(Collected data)
BEGIN

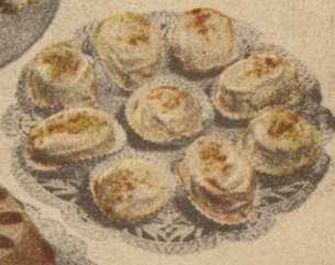
Petits gâteaux au Sirop d'Erable
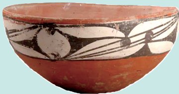
白衣彩陶钵 仰韶文化

钵口沿及腹上部施有白色陶衣,其上用褐彩绘弧线三角纹、圆点纹、线纹等组成的图案。该钵出土于郑州大河村遗址,为仰韶文化彩陶的代表性器物。
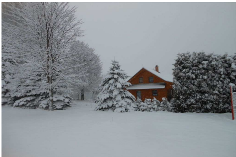
Příchod „jara“ do Dolní Brusnice.
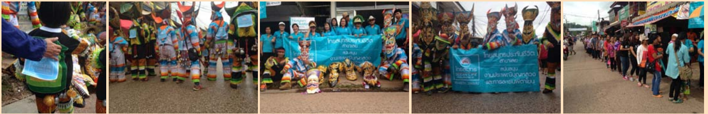
“งานประเพณีบุญหลวง และการละเล่นผีตาโขน” ณ อำเภอด่านซ้าย จังหวัดเลย ร่วมกิจกรรมโดย ไทยสมุทรประกันชีวิต สาขาเลย
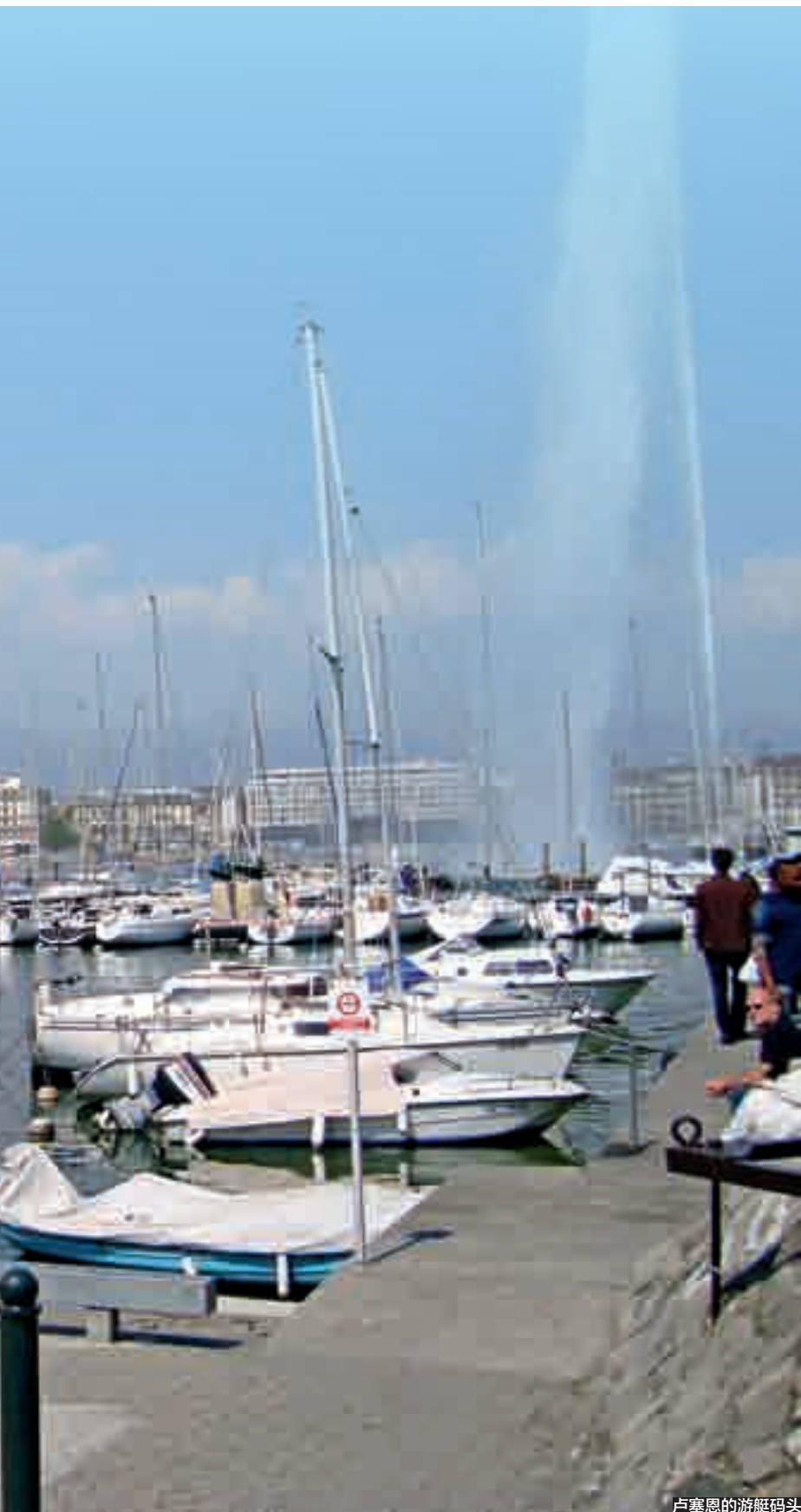
卢塞恩的游艇码头

多次去过瑞士,去过瑞士多个城镇乡村,感觉瑞士真是世界上最美的国家,人间天堂,名不虚传。而小城卢塞恩无疑是瑞士最美的城市之一,很多名人形容“最美不过卢塞恩”,的确名副其实,形容得恰如其分。

END

> **What is being asked**
An exact copy of the entries above is required, with the pictures left out.

> **Solution for this task**
Petits gâteaux au Sirop d'Erable
白衣彩陶钵 仰韶文化

钵口沿及腹上部施有白色陶衣,其上用褐彩绘弧线三角纹、圆点纹、线纹等组成的图案。该钵出土于郑州大河村遗址,为仰韶文化彩陶的代表性器物。
Příchod „jara“ do Dolní Brusnice.
“งานประเพณีบุญหลวง และการละเล่นผีตาโขน” ณ อำเภอด่านซ้าย จังหวัดเลย ร่วมกิจกรรมโดย ไทยสมุทรประกันชีวิต สาขาเลย
卢塞恩的游艇码头

多次去过瑞士,去过瑞士多个城镇乡村,感觉瑞士真是世界上最美的国家,人间天堂,名不虚传。而小城卢塞恩无疑是瑞士最美的城市之一,很多名人形容“最美不过卢塞恩”,的确名副其实,形容得恰如其分。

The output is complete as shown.